On the third date, the stock went up by 0.0686.  
Display the df.

In [None]:
df['Change'] = df.Close.astype('float32').diff()
df

(4) Add a new column with the rolling mean, use a 20 day window.  
Also add a column for the rolling standard deviation with the same 20 day window.  
Display the df.

In [None]:
df['RollingMean'] = df.Close.astype('float32').rolling(20).mean()
df['RollingDeviation'] = df.Close.astype('float32').rolling(20).std()
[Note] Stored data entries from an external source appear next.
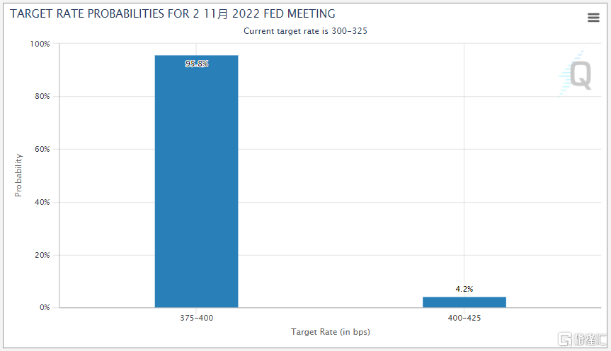 目前美联储11月连续第四次加息75基点的概率已经升至95.8%。
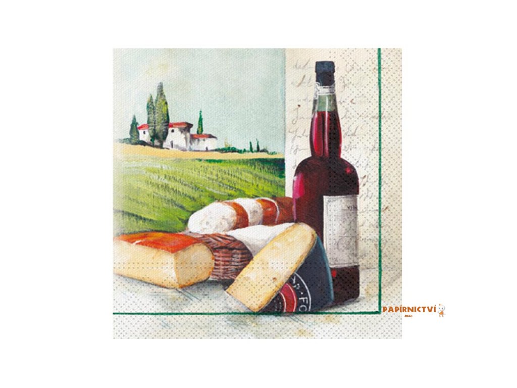 Celoroční ubrousek s motivem sýrů a vínaUbrousek, který vás přenese přímo do srdce Toskánska. Malebná krajina s cypřiši, láhev červeného vína, sýry a čerstvé pečivo vytváří atmosféru pohodových chvil strávených s přáteli u dobrého jídla. Skvěle se hodí nejen na letní posezení na terase, ale i na slavnostní večeře či pikniky.
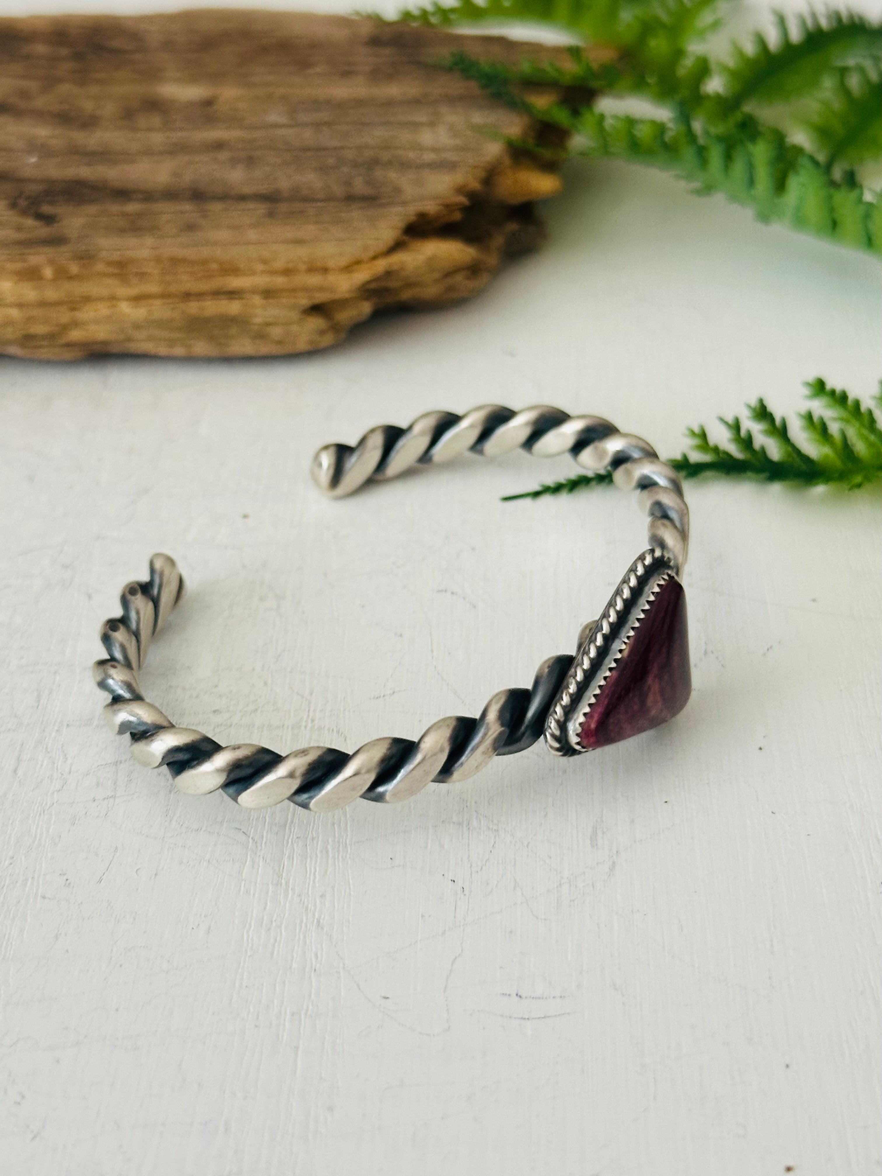 Navajo Made Purple Spiny Oyster & Sterling Silver Cuff Bracelet

(5) Add two new columns, one for the upper and one for the lower Bollinger bands.  
The typical Bollinger bands are calculated by adding two standard deviations away from the mean for the upper,  
and subtracting two standard deviations away from the mean for the lower.  
Remove all the NaN rows now.  
Display the df.

In [None]:
df = df.dropna()
df['Upper'] = df.RollingMean + 2 * df.RollingDeviation
df['Lower'] = df.RollingMean - 2 * df.RollingDeviation
df

(6) Create a smaller dataframe using only data over a 6 month period from Jan 1, 2014 to July 1, 2014.  
Use matplotlib to plot the following: Closing Value, Rolling Mean, Upper Bollinger, Lower Bollinger.   
Use a different color for each plot.  
Use the function fill_between to color between the Upper/Lower bands with a green color using alpha of 0.1 so it is see through.  
Show your plot.

In [None]:
df2 = df.loc[(df.index >= '2014-01-01') & (df.index <= '2014-07-01')]
df2

In [None]:
df2.dtypes
df2.Close = df2.Close.astype('float32')
df2.Open = df2.Open.astype('float32')
df2.High = df2.High.astype('float32')
df2.Low = df2.Low.astype('float32')
df2.dtypes


In [None]:
plt.plot(df2.Close)
plt.plot(df2.RollingMean)
plt.plot(df2.Upper)
plt.plot(df2.Lower)
plt.title('Stock Graph')
plt.xlabel('Date')
plt.ylabel('Price')
plt.legend(['Close', 'Roling Mean', 'Upper Band', 'Lower Band'])
plt.fill_between(df2.index, y1 = df2.Lower, y2 = df2.Upper, alpha = 0.1)
plt.show()

(7) One theory of stocks is to buy when the current value is below the lower Bollinger band  
and sell when the current value is above the upper Bollinger band.  
This does get a bit trickier because it is potentially better to buy or sell after the moment  
the stock rebounds inside the Bollinger bands, that way you do not buy or sell a stock that is in  
a gigantic freefall or a huge spike, but we will ignore that.  
Create a new column called Buy that is true each time the current closing value is lower than the lower band  
and another column for Sell that is true each time the current closing value is higher than the upper band.  
Display your df.

In [None]:
df2['Buy'] = (df2.Close < df2.Lower)
df2['Sell'] = (df2.Close > df2.Upper)
df2

(8) Display all of the rows where Buy is true.

In [None]:
df2.loc[df2.Buy == True]

(9) Display all of the rows where Sell is true.

In [None]:
df2.loc[df2.Sell == True]

(10) Display the final closing value of the last day.

In [None]:
df2.tail(1).Close

(11) You can calculate this by hand or you can think through the code to automate this task.  
Automating the task is ideal, but for this small enough set it will take a lot more time  
to figure out the logic.  
  
How much money would you have gained or lost in the following two situations:

a) You bought 500 shares of Apple on January 1st of 2014 and sold it on July 1st of 2014.

b) You bought 500 shares of Apple the first day your 'buy' column told you to. 
You sold the 500 shares the next date after that when your 'sell' column told you to. 
You keep repeating this process, either buying 500 shares or selling the 500 shares you own. 
In this exercise, you may never have more than 500 shares or less than 0.  
If you have 500 shares on July 1st, you will sell it for its closing cost.  
(Not realistic, just an exercise).

In [None]:
# df2 = df.loc[(df.index >= '2014-01-01') & (df.index <= '2014-07-01')]
# startDate = '2014-01-01'
# df.loc[df.index<='2014-01-01'].tail(1).Close
df.loc[df.index>='2014-07-01'].head(1).Close

a) You would have made $6687.15

b) There are only a few times where there is "optimal oppurtunity to buy" so you don't make as much. You buy early, sell two months later, and never buy again. You would only make $290.